[CURATOR-478] LeaderLatch accumulates additional watcher handlers
In the event of a connection reconnect, LeaderLatch calls reset():
Ultimately, this results in another call to getChildren(), which calls checkLeadership(), which registers another getData watch for the ephemeral leader record preceding our new leader record. However, the watch in place from before reset() is in place, and will trigger yet another watch in the event that the record it is watching gets deleted.
As such, the number of pending watchers (at least client side) will continue to increase each time the connection fails over.
Marked as trivial because I think it's unlikely these accumulate to the point that it's an issue, but it seems like it should at least be called out.

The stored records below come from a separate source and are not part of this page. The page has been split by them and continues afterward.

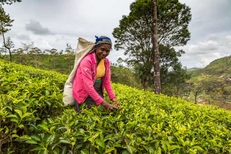 NUWARA ELIYA, SRI LANKA - FEBRUARY 15, 2020: Woman tea picker in tea plantation in Nuwara Eliya, Sri Lanka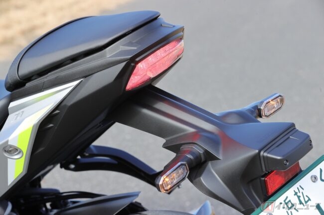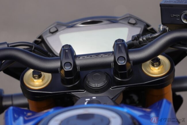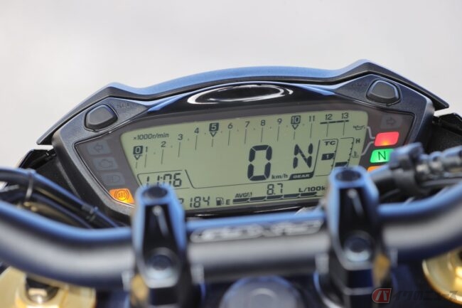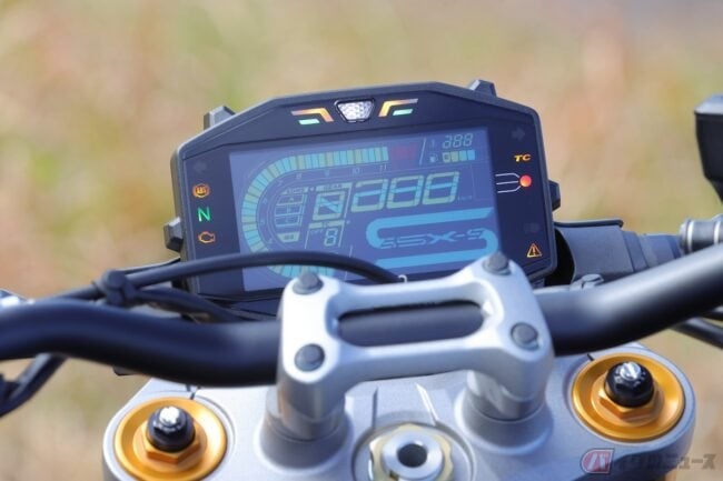 発進時の回転の落ち込みを緩和する「ローRPMアシスト」や、エンジン始動ボタンを押すと一定時間スターターモーターを回転させる「スズキイージースタートシステム」をはじめ、3段階の「トラクション・コントロール・システム」も搭載。『GSX-S1000』のトラコンは5段階あるものの、電子制御も遜色のない内容と言っていいでしょう。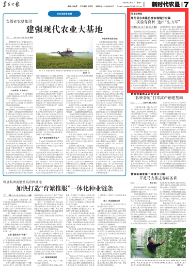 2025年3月29日,《農(nóng)民日?qǐng)?bào)》第7版刊發(fā)題為《呼倫貝爾農(nóng)墾巴彥農(nóng)牧場(chǎng)分公司實(shí)驗(yàn)育良種 選出“生力軍”》的文章,報(bào)道了近年來(lái),巴彥農(nóng)牧場(chǎng)分公司始終堅(jiān)持“科技興農(nóng)”戰(zhàn)略,不斷加大在農(nóng)業(yè)科研方面的投入。農(nóng)業(yè)科技園區(qū)實(shí)驗(yàn)室作為技術(shù)創(chuàng)新與應(yīng)用的前沿陣地,承擔(dān)著多項(xiàng)重要的科研任務(wù),在種子培育、土壤改良、病蟲(chóng)害防治等多個(gè)領(lǐng)域開(kāi)展了深入研究與實(shí)踐。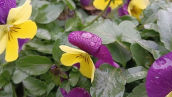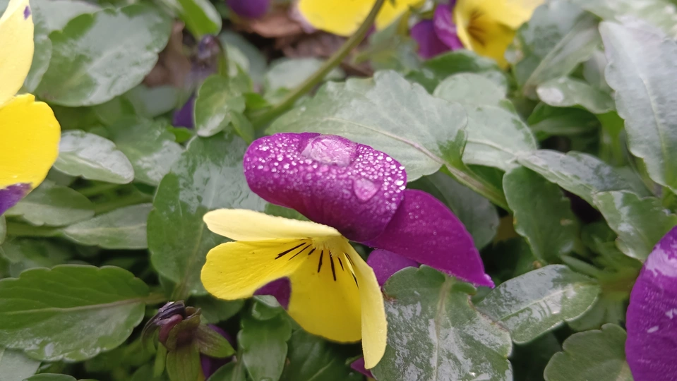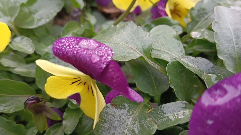 双色堇的露缀星笺 湿叶与泥尘铺就润软的素笺,这朵堇是春沾露的星绒——深紫瓣裹着浅黄的柔,瓣上细露像碎钻嵌在绒纹里,连瓣边的轻蜷都成星笺颤过的痕。 风擦过时,花身晃作轻摇的紫黄影,把丛间的凉色焐出片暖。它不管叶上湿痕作伴,偏要在笺旁展艳,像偷藏彩墨的童,在湿境里窝出点鲜活的软。 凑近看,露滴是星笺凝的光,蕊间的黑纹是光里嵌的线,连叶间漏下的碎阳,都成了这花簇漾开的余韵。那紫瓣的绒与黄瓣的柔缠在一处,像把春的温软都攒进了这一握。原来美从不是园圃的喧闹,是湿丛里倔强的短章——哪怕身沾泥屑、瓣裹细露,仍要把刹那的暖,写成春野里最软的注脚。 风又轻,露滴蹭过邻叶的湿痕,是这星笺的温柔落款;连藏在叶后的花苞,都成了这春讯里轻和的伏笔。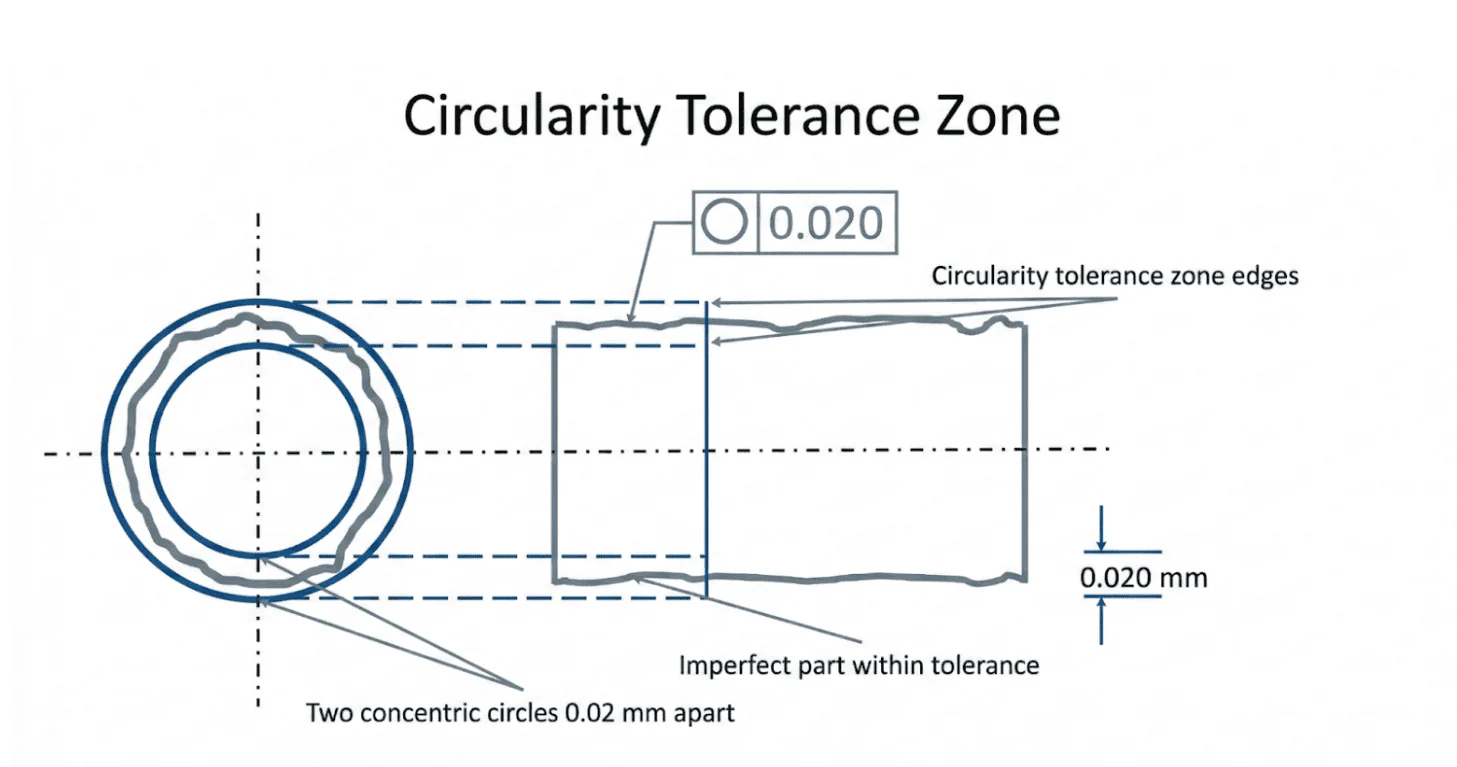 Note: As a practical rule, circularity should typically be equal to or tighter than the feature’s size tolerance; otherwise it may be redundant and add inspection cost without improving function.

Originally reported by timcharper, imported from: LeaderLatch accumulates additional watcher handlers
- assignee: randgalt
- status: Open
- priority: Trivial
- resolution: Unresolved
- imported: 2025-01-21
I took a quick look and you're probably correct. A simple solution is to allocate the watcher as a field of the class. ZooKeeper guarantees that if you use the same watcher for the same path is only registered once.
Hmm, seems like we could also run into an issue with BackgroundCallback.
What would you think if we used an atomicInteger and incremented it each time, then cancelled if the atomic int value didn't match the value at the time we registered the callback?
I'm honestly not sure how I would add a unit test for this. It would be really hard to reliably create the conditions leading to this issue.